INDEPENDENT
VIEW: For Roger Smith, this film is the crowning achievement
of a campaign that began several years ago, when he saw his first
Spike Lee movie.
ROBERT
GUENVEUR SMITH: I sat through She's Gotta Have It, and I sat
through it twice which I rarely do. And I said, who is this Spike
Lee, where he is, what is he doing next. I found out that he was
doing film about college campus. I had the audition in a cattle
call with Spike Lee. He felt that I was mad enough to play a rather
demented fraternity fledge in schooldays, and the rest is history.
This is our seventh collaboration.
When
I heard about what he was doing next, a weekend in the life of
one black in Brooklyn, I thought that there must be some sort
of contribution that I might be able to make to that. But he didn't
write me a role.

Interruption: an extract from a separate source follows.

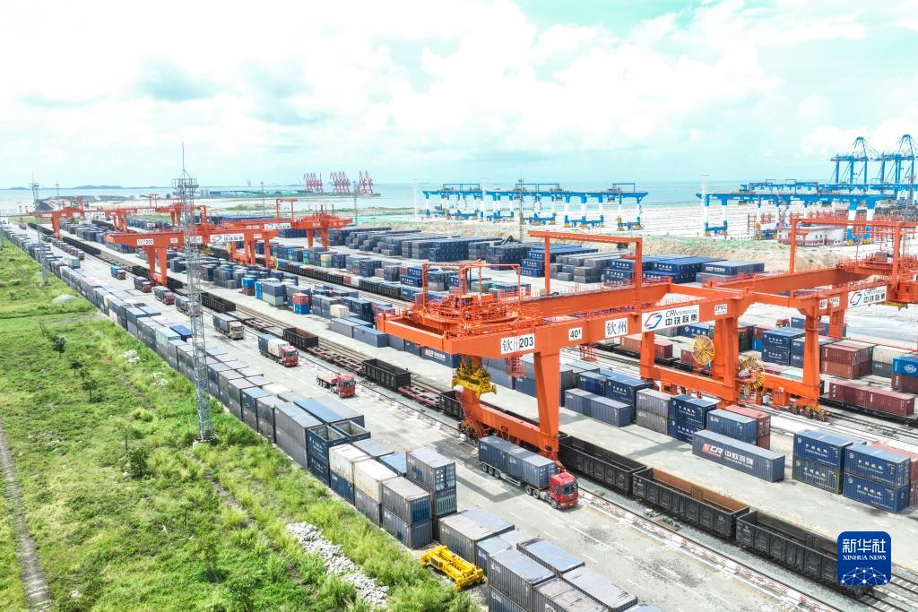 這是7月22日拍攝的欽州鐵路集裝箱中心站(無人機照片)。

But he said that, maybe there's something that
you can come up with.
I
came up with the idea of Smiley, this guy who walks up and down
the block trying to sell personally colorized photographs of Malcolm
X shaking hands with Martin Luther King.
The
popular, of course, propaganda about these two men is that they
were somehow arch enemies, diametrically opposed, but you can
see in the flash of that bulb that they genuinely respected and
loved each other. And I'm very happy that Spike and I were able
to put that image out there for the world to make it a standard
piece of American iconography.
INDEPENDENT
VIEW: You've collaborated with Spike on so many films. Tell
me about your collaboration on The Huey P. Newton Story.
ROBERT
GUENVEUR SMITH: Spike has long supported my independent work
in the theater. Huey, of course, is simply the latest and ongoing
series of independent work for the stage which includes solo work,
solo biographical work on Christopher Columbus, Frederick Douglas,
two-man cabaret piece called "Inside the Creole Mafia," and many
multimedia pieces in Los Angeles. Spike has always been supportive
of my work. He's been the first person there in the front row.
And he came to see Huey at the Public Theater here in New York
City. And we immediately started talking about how can we somehow
document this. How can we make this live forever on celluloid.
Huey
is a man of profound, extreme, and largely self-acknowledged contradictions.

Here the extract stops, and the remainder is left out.